An EtherNet interface can't even detect a split pair, and it
certainly cannot determine if the brown pair is exchanged with
the blue pair.

So just find a cite to explain anything about how that is done.

While a normal EtherNet interface does not have that type of
built in test capability, there are examples of test equipment
available, that can be manually applied to a line, which will
test for all variety of wiring errors. Using a Time Domain
Reflectometer it is possible to locate specific faults such as
the impedance bump from a broken wire (or for that matter from
too sharp a bend in the wire).

Lets go back to the basic question, and restate the facts: The
specific color and or pair number in a CAT5, CAT5E, or CAT6
cable is not significant.
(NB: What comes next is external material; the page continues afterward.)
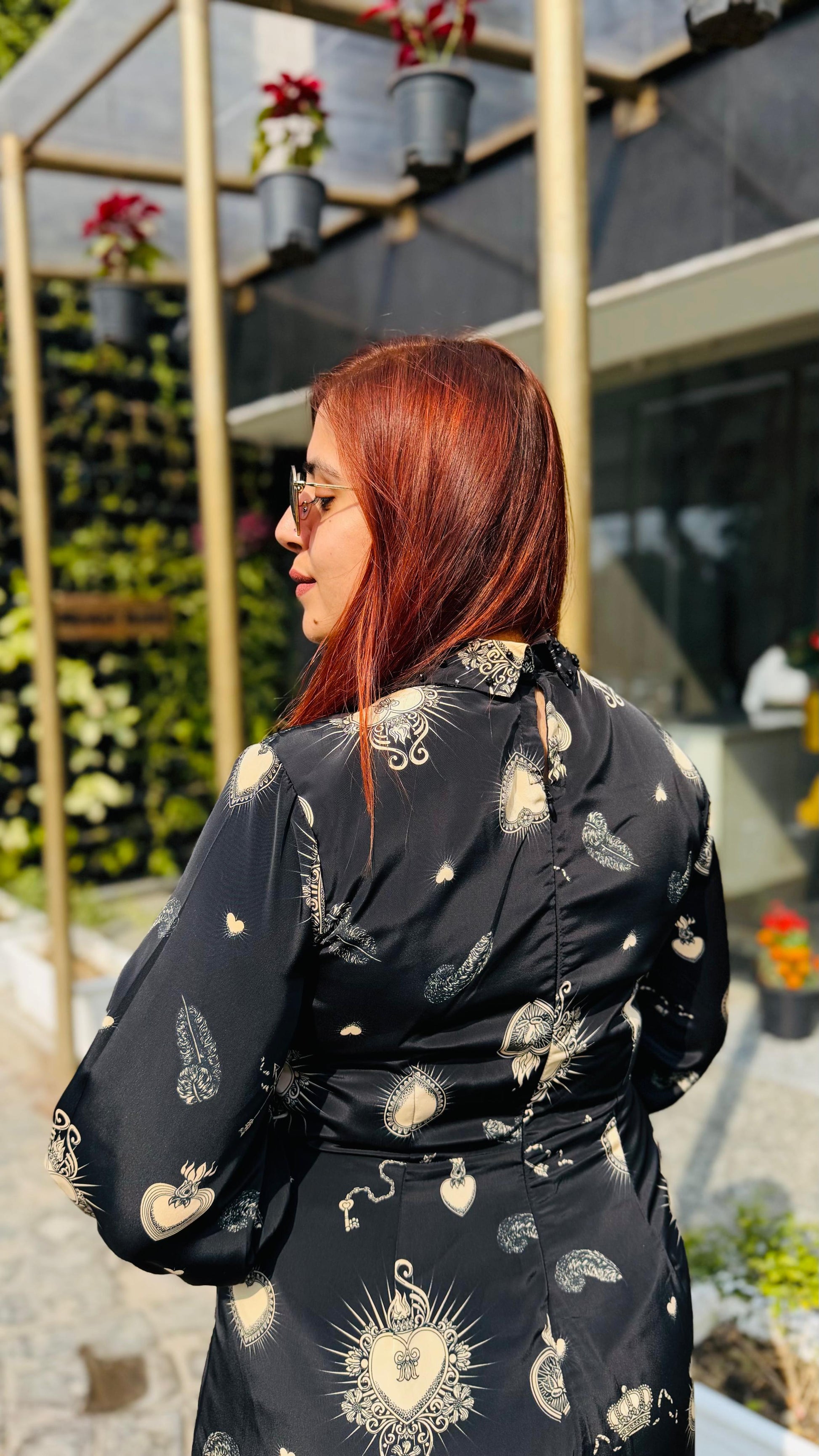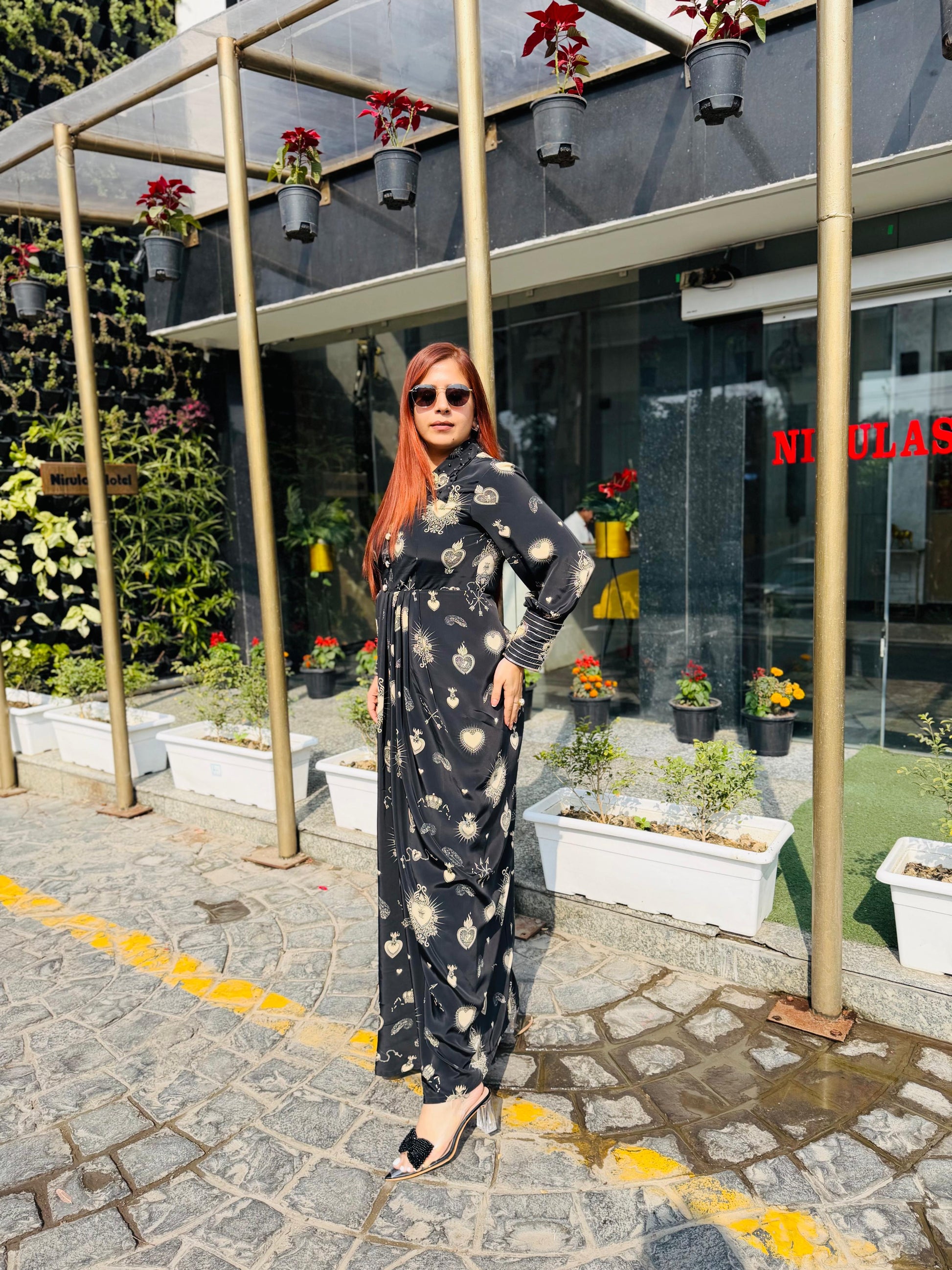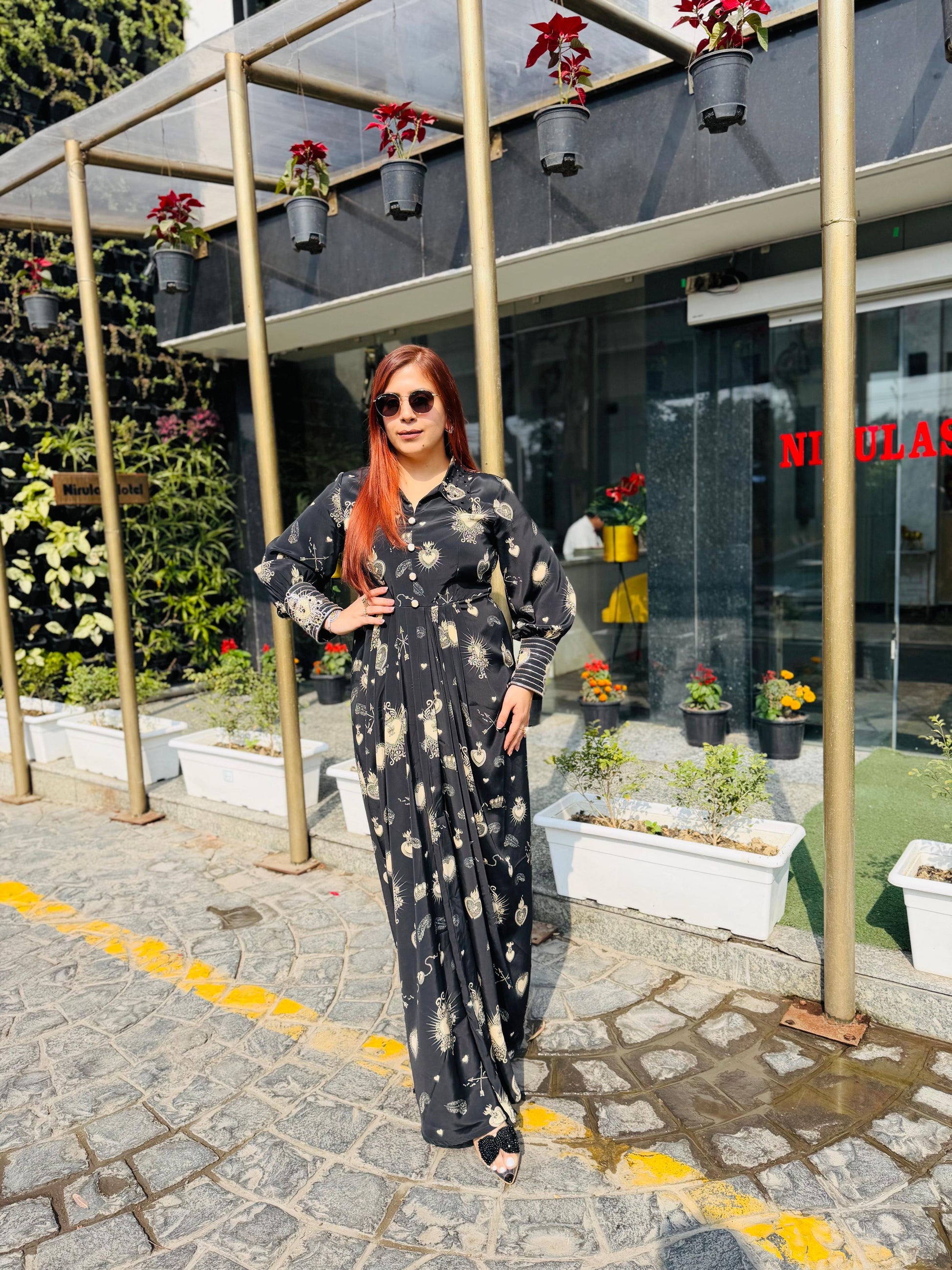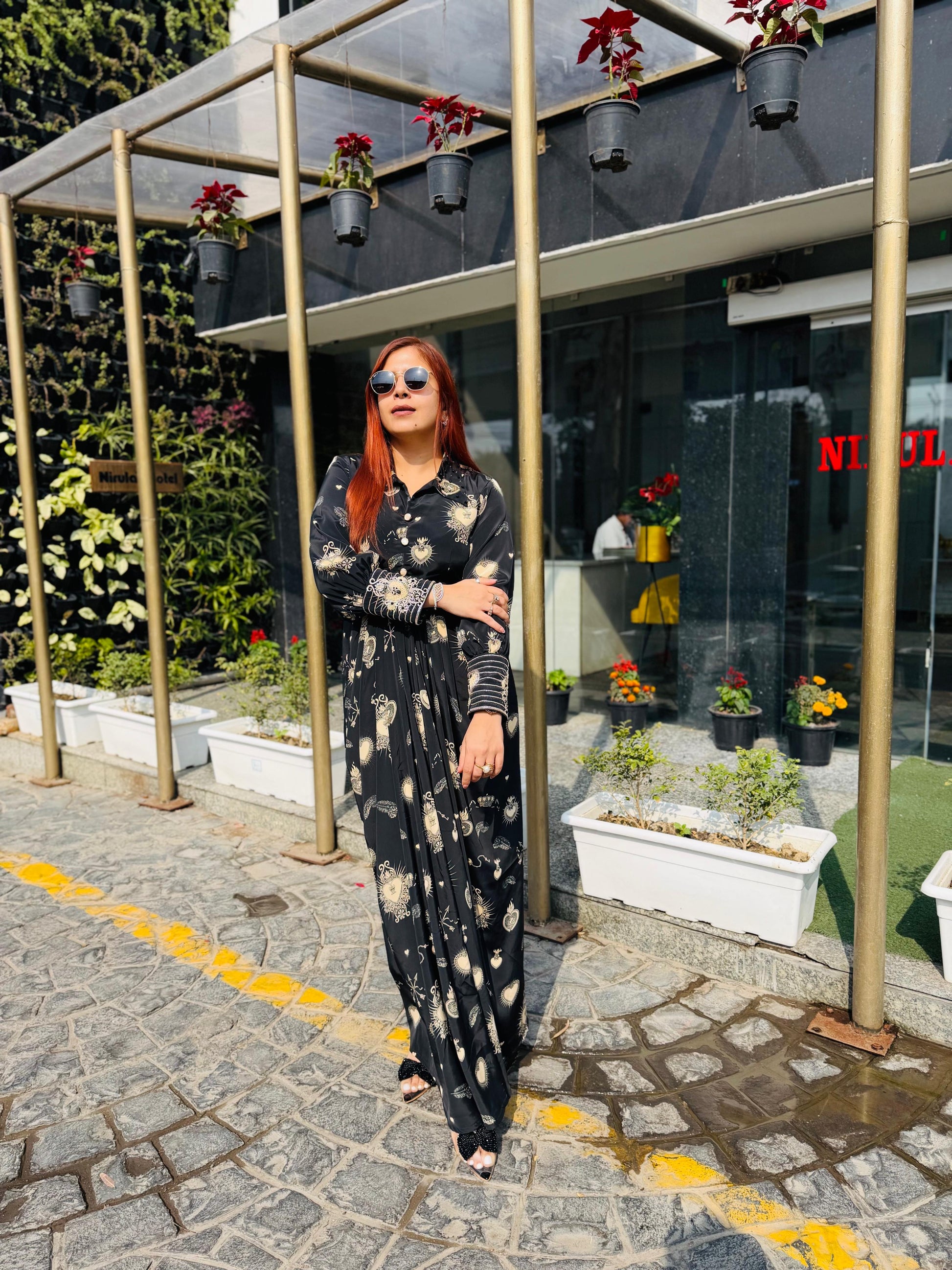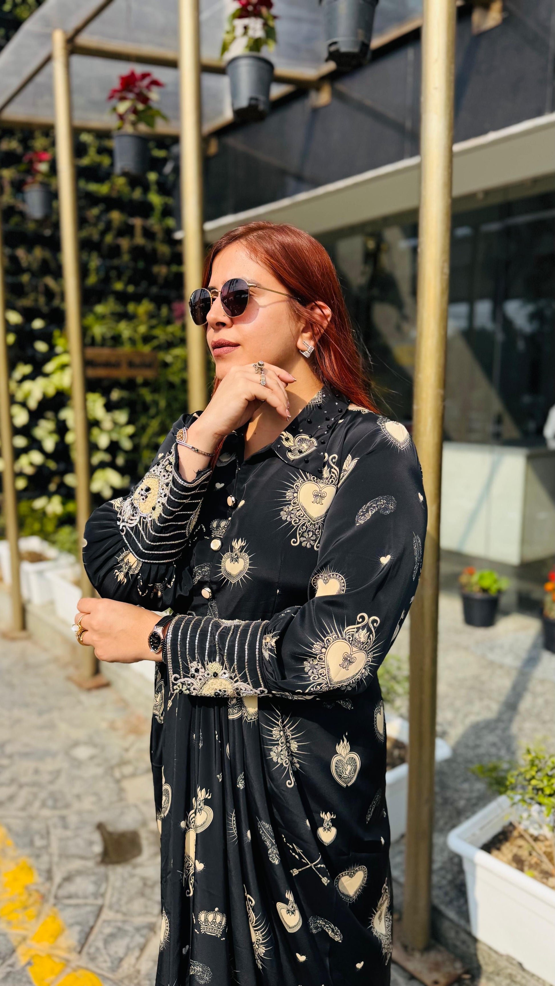 | Description | Lakhina Couture presents this elegant black satin drape, designed with a refined fall collar, structured yoke, and fluid drape detailing. Crafted for effortless everyday sophistication, it features full sleeves with statement cuffs and a tailored silhouette. Perfect for modern casual styling with a touch of luxury. |

If different pairs are wired to the
appropriate pins for a particular data pair the connecting
interface will still function exactly as it should.

What that means in practical terms is that a cable can be wired
as T568A or T568B (or another "standard") as long as both ends
use the same standard.

 

But the OP was talking about a CAT 6 (six, not five) cable.
CATegory 6 cabling is for higher network speeds - like 1 GB/s -
(so called 1000BASE-T). It has a 250 MHz bandwidth as compared to
only 100 for CAT 5

PS: in the (still higher speed) CAT 7 cables the individual twisted
pairs are shielded INSIDE the cable against each other.
This permits frequencies up to 600 MHz

 

His initial statements did not specify any category, and the
discussion previous had been about CAT 5. When challenged
he specified CAT5e and later cables.

The point is *still* the same: the interface hardware cannot
determine what the twist rate is, does not test which pairs are
used for which data, and will work perfectly well regardless of
which cable pair is assigned to which data. And that is by
design, not accident.

CAT7 is not UTP, and is outside the range this discussion has
covered so far.

Regardless, the target speeds for each category level has not
been under contention, and anyone can use Google to get more
information if desired.

 

The different characteristic of the two types of tp included in the
cable. It allows the port hardware to perform the testing I mentioned.